● **Data block**:
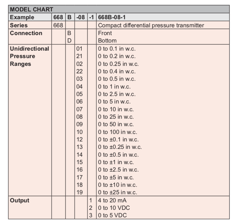 Series 668B/D Compact Differential Pressure Transmitters. Ranges from 0.1 to 100 in w.c., Overpressure Protection to 15 psig, ±0.8% Accuracy
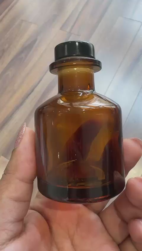 Premium Amber Glass Diffuser Bottle (50ml & 100ml) with Black Cap & Stopper
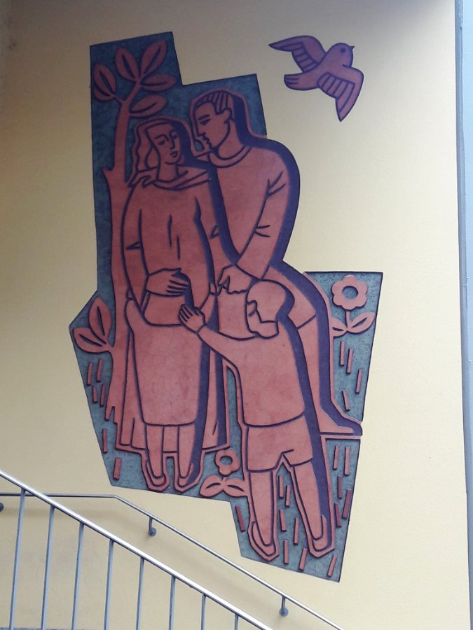 Für dieses Motiv musste ich ins Archiv greifen: Das Gebäude wurde 2020 abgerissen. Es war Teil des Nürnberger Nordklinikums, die Darstellung einer Familie stammte wohl aus den späten 20er Jahren.

● **Task directions**: Reproduce the data above line for line, excluding every picture.

● **Exercise result**:
 Series 668B/D Compact Differential Pressure Transmitters. Ranges from 0.1 to 100 in w.c., Overpressure Protection to 15 psig, ±0.8% Accuracy
 Premium Amber Glass Diffuser Bottle (50ml & 100ml) with Black Cap & Stopper
 Für dieses Motiv musste ich ins Archiv greifen: Das Gebäude wurde 2020 abgerissen. Es war Teil des Nürnberger Nordklinikums, die Darstellung einer Familie stammte wohl aus den späten 20er Jahren.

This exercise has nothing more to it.